I wish disease were the only problem posed to birds by bird feeding. I just learned about a horrible feeder design being sold by a company called “Heritage Farms” as the “Audubon Seeds 'n More Metal Hopper Bird Feeder Model 7452R”. The way it’s designed, birds insert their heads into it to get a seed, and one person I know of went out to fill hers and found a chickadee, already dead, whose head had been entrapped. On Amazon, the item includes two comments from others regarding this, one who came upon a dead sparrow entrapped this way, and one who found an unidentified bird entrapped but still alive, and wrote that her husband had to get his metal cutter and cut between the openings—he saved the bird in time. Audubon’s name on the product implies that it endorses it. I hope they pressure the company to not only take their name off it but to get the product off store shelves and Amazon immediately.

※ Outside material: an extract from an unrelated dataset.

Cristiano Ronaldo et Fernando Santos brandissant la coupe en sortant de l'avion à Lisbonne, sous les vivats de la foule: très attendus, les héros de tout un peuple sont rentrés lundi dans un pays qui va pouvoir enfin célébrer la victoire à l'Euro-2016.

I bought some wonderful window tray feeders from Wild Birds Unlimited some time around 2000 or 2001. I’ve loved these for a long time, in part because the removable, washable bottom is screened, so rainwater drains well. But twice this spring when I was watching my female Red-bellied Woodpecker in that feeder, I saw that one of her claws was momentarily stuck in the screening. She quickly extricated it by herself, but it put up a little red flag in my mind.
Then last week I got an email from a reader in Sacramento, California, about a much more tragic occurrence at a feeder with what looks like the exact same kind of screened floor, this one a roofed platform feeder from Duncraft. She discovered a male goldfinch that had gotten a claw stuck in the screening and, by the time she found it, was dead.

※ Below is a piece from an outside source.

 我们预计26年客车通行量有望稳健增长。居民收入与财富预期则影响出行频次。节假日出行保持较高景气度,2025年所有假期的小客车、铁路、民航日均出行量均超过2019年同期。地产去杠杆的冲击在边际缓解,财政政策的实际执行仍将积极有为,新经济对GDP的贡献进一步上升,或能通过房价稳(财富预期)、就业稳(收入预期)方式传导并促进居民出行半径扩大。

In the past, I used to recommend people provide suet in mesh onion bags, and Nyjer seed used to be sold in mesh bag feeders, too. In both cases I’ve heard from people who found birds such as nuthatches and finches entangled and dead, so I no longer recommend using any kind of soft mesh where birds can find it.
But screened feeder bottoms? As I noted, I’ve been using my own feeders with what I’m pretty sure is exactly the same screened bottom for almost two decades without any problems except that one case this year, and these screened bottoms really do help keep seed dry. Fortunately, my Sacramento reader is much cleverer than I and immediately came up with a solution—she lined the bottom of that feeder with parchment paper! That’s what I’m doing from now on, too. It needs to be weighted or folded around the edges so it can't blow away, and obviously has to be changed occasionally.
Screened feeder bottoms may not represent a statistically significant hazard, but just one preventable bird loss of one of my birds is one too many.